Sudan & South Sudan: Cholera crosses the Sudanese border and bursts into South Sudan refugee camps

THANKS to Lola Hierro (Hola Lola!) for informative reports and photos from Renk, South Sudan. At the Renk Transit Center, which has a capacity of 3,000 people, there are more than 16,000 current residents, and the roads that connect this out-of-the-way corner to the rest of the country are waterlogged by floods caused by end-of-summer rains. Renk’s risk lies in the fact that this [Vibrio cholerae] bacillus is transmitted through contact with contaminated foods and liquids, in conditions of overcrowding and lack of safe access to water and sanitation. Read more in this report.

From EL PLAIS
By LOLA HIERRO (Renk / Madrid)
Dated Tuesday, 12 December 2023 - 23:40 WET - full copy:

Cholera crosses the Sudanese border and bursts into South Sudan refugee camps

The Ministry of Health confirms a positive case in the Renk Transit Center, located in the north of the country, where thousands of displaced people are living shoulder to shoulder

Waiting room of the clinic located at the Renk Transit Center in northern South Sudan. ALA KHEIR (UNHCR)

South Sudan’s Ministry of Health has confirmed the first case of cholera in Renk, a city in the far north of the country that is suffering a humanitarian crisis amidst the thousands of people from Sudan who have been displaced since war broke out last April. Sudan has been struggling against an outbreak of the diarrheal disease since September 26 and to date has documented 4,000 cases and 130 deaths.


“The public is advised not to panic, as measures have been put in place to respond to this threat,” the ministry has announced. Nonetheless, in Renk, general sentiment is very different, as described via WhatsApp by Atsuhiko Ochiai, coordinator of a Doctors Without Borders (DWB) clinic located in the Zero settlement of Renk, which has more than 3,500 residents. “[The situation] is getting worse. More people come from Sudan all the time and the water, latrines, food, plastic sheets, hygiene kits, etcetera, are just not enough. Open-air defecation is common,” he warns.


Doctor Ochiai’s fears are due to a minimal health infrastructure. More than 400,000 people have crossed the border in the last eight months. They arrive in impoverished conditions, without money, without a home in which to stay, with no hope of feeding or cleaning themselves or accessing any service beyond what meager humanitarian aid they can obtain. That’s because all the most important United Nations agencies and nonprofits are present in Renk, but the funds available to help the population are not sufficient: only 32% of the more than 225 million euros required by the UN refugee agency (UNHCR) have been covered. At the Renk Transit Center, which has a capacity of 3,000 people, there are more than 16,000 current residents, and the roads that connect this out-of-the-way corner to the rest of the country are waterlogged by floods caused by end-of-summer rains.

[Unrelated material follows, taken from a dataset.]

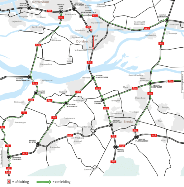 A16 tussen ’s Gravendeel en Zwijndrecht afgesloten van 17-19 juli 2021 (richting Rotterdam)
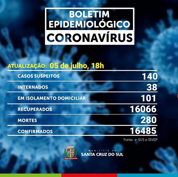 A Secretaria de Saúde de Santa Cruz do Sul, esclarece que “considerando o aumento de mais de 275% na variação semanal do número de casos confirmados no Boletim Covid-19 da região 28, a Secretaria da Saúde de Santa Cruz do Sul esclarece que não são casos ativos e atuais, mas sim de inconsistências no banco de dados e-SUS Notifica e que estavam represadas. Essas notificações estão sendo revisadas, atualizadas e inseridas no sistema de monitoramento conforme solicitação e orientação do COE-RS. Como este trabalho de revisão ainda não foi concluído, podem ocorrer novos aumentos no número de casos confirmados e de óbitos nos próximos dias”.

A woman cares for her son, who has been admitted to the hospital in Renk, northern South Sudan. ALA KHEIR (UNHCR)

Cholera presents a public health problem in 47 of the world’s poorest countries, where between 1.3 and four million cases are registered annually. The illness is caused by the Vibrio cholerae bacteria, which provokesd intense diarrhea, up to 20 liters a day, which can kill a person within four hours. With adequate treatment — rehydration and antibiotics in the most severe of cases— the death rate does not rise above 1%, but without it, it can soar to 50%.


Renk’s risk lies in the fact that this bacillus is transmitted through contact with contaminated foods and liquids, in conditions of overcrowding and lack of safe access to water and sanitation. This is precisely the scenario in the far north of South Sudan. If the region was already living in poverty and had been punished by nearly a decade of violence caused by internal conflicts, with 74% of the population in need of humanitarian aid, the waves of Sudanese and South Sudanese returnees from the new war have only worsened the situation.


The cholera patient identified at the transit center, a 38-year-old man who had recently crossed the border between the two states, has recovered. For the time being, no other positive cases have been reported. But the fear of new cases is very present. “When community-wide transmission of cholera happens in Renk, it will be catastrophic,” Ochiai predicts.


Doctor Francisco Luquero is the head of the team responsible for high-risk epidemic programs at the Global Alliance for Vaccines and Immunization (GAVI) and was in South Sudan during the 2014-2017 outbreak that affected more than 28,000 people. The doctor explains that since 2019 there have been hardly any cases, and those that have appeared have been very mild thanks to the country’s efforts to control the previous outbreak and the prevention campaigns that have been orchestrated “We know that in these scenarios there is a high risk of transmission and that in these areas it is difficult to provide adequate treatment, so there is concern,” he says over the phone.


With Sudan’s outbreak in mind, World Health Organization (WHO) mechanisms have been activated to avoid cholera’s arrival. These mainly involve the promotion of personal hygiene, especially hand-washing, raising awareness in communities, and distributing hygiene supplies to 3,000 households, including domestic items for transporting water like disinfectants and purifiers. But such measures are nearly impossible to implement when there are thousands of people sleeping outdoors, on muddy ground where rainwater stagnates and forms putrid puddles, and where there is no sewage system or toilets.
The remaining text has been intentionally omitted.